### TASK DIRECTIONS
Please repeat exactly the lines below from the one containing "Posteriormente, en el" down to the one containing "Een spanplafond in", both included, and nothing else.

### PROVIDED MATERIAL
══════════
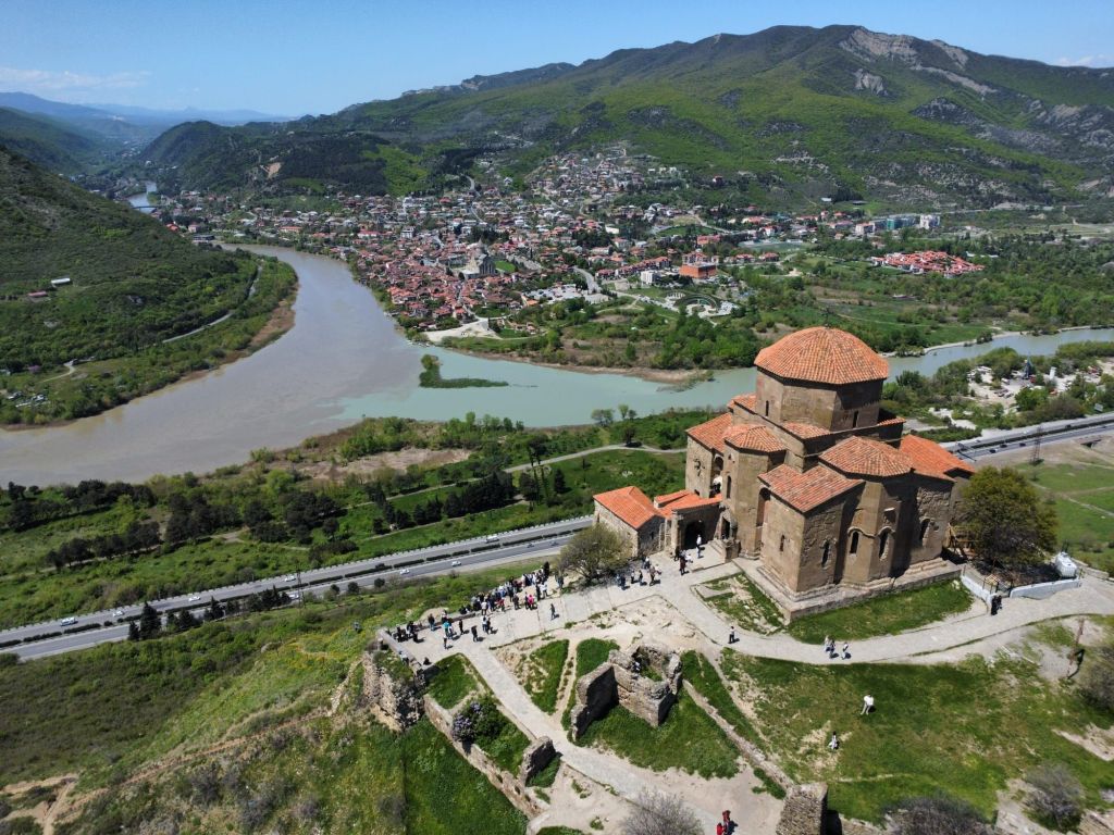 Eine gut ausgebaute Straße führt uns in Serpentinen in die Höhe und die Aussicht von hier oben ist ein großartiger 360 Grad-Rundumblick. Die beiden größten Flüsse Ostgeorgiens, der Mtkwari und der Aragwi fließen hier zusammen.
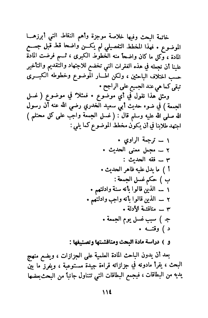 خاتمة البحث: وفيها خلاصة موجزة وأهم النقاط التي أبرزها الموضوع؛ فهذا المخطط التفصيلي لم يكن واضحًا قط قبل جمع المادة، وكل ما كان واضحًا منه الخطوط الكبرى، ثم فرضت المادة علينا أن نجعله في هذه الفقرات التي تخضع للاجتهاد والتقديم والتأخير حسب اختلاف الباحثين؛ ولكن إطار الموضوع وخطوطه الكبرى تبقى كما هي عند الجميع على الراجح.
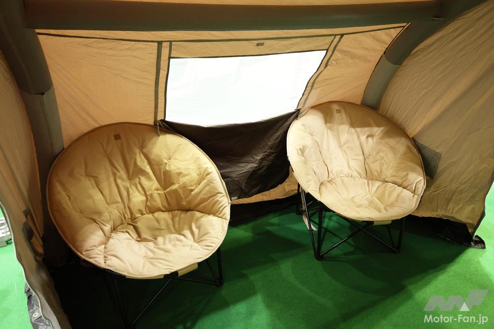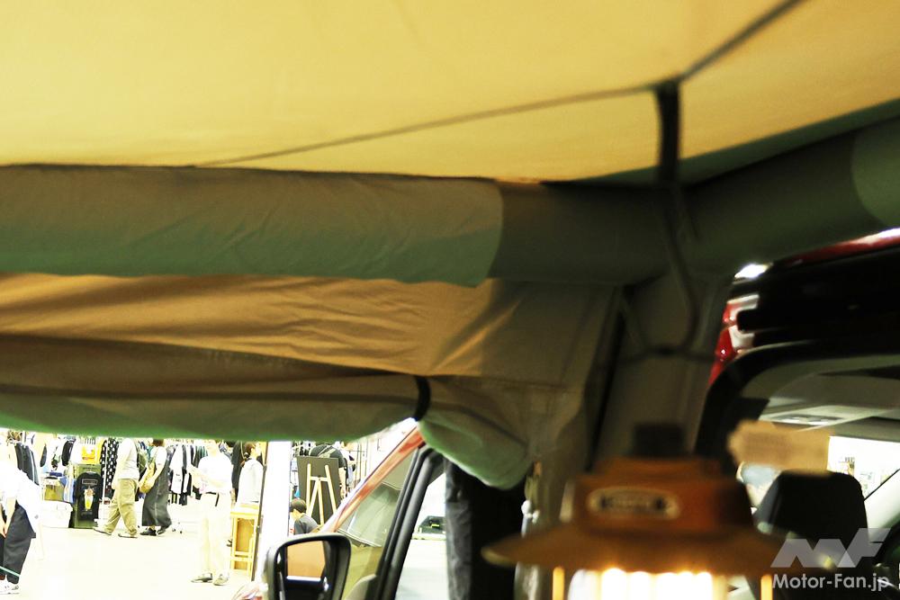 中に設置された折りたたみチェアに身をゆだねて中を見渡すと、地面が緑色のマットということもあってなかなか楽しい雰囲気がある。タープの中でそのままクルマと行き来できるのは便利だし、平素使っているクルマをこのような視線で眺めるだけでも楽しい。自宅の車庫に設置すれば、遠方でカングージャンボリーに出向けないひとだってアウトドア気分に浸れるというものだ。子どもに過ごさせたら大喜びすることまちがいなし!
══════════
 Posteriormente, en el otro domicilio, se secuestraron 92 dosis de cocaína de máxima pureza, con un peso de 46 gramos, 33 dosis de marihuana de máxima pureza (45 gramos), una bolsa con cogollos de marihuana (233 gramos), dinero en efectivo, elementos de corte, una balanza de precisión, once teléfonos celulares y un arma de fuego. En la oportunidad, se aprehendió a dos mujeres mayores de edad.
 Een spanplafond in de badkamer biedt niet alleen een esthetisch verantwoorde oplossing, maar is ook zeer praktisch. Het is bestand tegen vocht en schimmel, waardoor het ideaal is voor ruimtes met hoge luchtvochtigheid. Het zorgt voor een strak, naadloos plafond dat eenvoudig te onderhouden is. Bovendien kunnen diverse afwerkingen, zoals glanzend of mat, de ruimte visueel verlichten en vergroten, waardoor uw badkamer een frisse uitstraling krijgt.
══════════
### EXERCISE RESULT
 Posteriormente, en el otro domicilio, se secuestraron 92 dosis de cocaína de máxima pureza, con un peso de 46 gramos, 33 dosis de marihuana de máxima pureza (45 gramos), una bolsa con cogollos de marihuana (233 gramos), dinero en efectivo, elementos de corte, una balanza de precisión, once teléfonos celulares y un arma de fuego. En la oportunidad, se aprehendió a dos mujeres mayores de edad.
 Een spanplafond in de badkamer biedt niet alleen een esthetisch verantwoorde oplossing, maar is ook zeer praktisch. Het is bestand tegen vocht en schimmel, waardoor het ideaal is voor ruimtes met hoge luchtvochtigheid. Het zorgt voor een strak, naadloos plafond dat eenvoudig te onderhouden is. Bovendien kunnen diverse afwerkingen, zoals glanzend of mat, de ruimte visueel verlichten en vergroten, waardoor uw badkamer een frisse uitstraling krijgt.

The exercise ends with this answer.